MATERIAL SHOWN:

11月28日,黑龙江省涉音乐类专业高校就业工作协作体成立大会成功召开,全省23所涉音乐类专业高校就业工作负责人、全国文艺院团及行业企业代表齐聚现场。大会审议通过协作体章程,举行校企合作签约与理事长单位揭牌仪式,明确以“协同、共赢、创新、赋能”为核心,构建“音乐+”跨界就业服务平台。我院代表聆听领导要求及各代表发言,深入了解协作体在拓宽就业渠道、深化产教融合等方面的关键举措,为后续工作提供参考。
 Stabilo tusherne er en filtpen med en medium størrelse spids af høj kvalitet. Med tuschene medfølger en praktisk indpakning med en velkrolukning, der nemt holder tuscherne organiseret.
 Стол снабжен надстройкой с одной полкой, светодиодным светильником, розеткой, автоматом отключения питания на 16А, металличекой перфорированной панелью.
---
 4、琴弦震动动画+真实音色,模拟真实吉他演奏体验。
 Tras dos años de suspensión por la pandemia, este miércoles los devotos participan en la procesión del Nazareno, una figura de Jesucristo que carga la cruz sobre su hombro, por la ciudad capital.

PROMPT: Reproduce word for word the material above, beginning with the line that contains "11月28日,黑龙江省涉音乐" and ending with the line that contains "Стол снабжен надстройкой".

ANSWER SECTION:
11月28日,黑龙江省涉音乐类专业高校就业工作协作体成立大会成功召开,全省23所涉音乐类专业高校就业工作负责人、全国文艺院团及行业企业代表齐聚现场。大会审议通过协作体章程,举行校企合作签约与理事长单位揭牌仪式,明确以“协同、共赢、创新、赋能”为核心,构建“音乐+”跨界就业服务平台。我院代表聆听领导要求及各代表发言,深入了解协作体在拓宽就业渠道、深化产教融合等方面的关键举措,为后续工作提供参考。
 Stabilo tusherne er en filtpen med en medium størrelse spids af høj kvalitet. Med tuschene medfølger en praktisk indpakning med en velkrolukning, der nemt holder tuscherne organiseret.
 Стол снабжен надстройкой с одной полкой, светодиодным светильником, розеткой, автоматом отключения питания на 16А, металличекой перфорированной панелью.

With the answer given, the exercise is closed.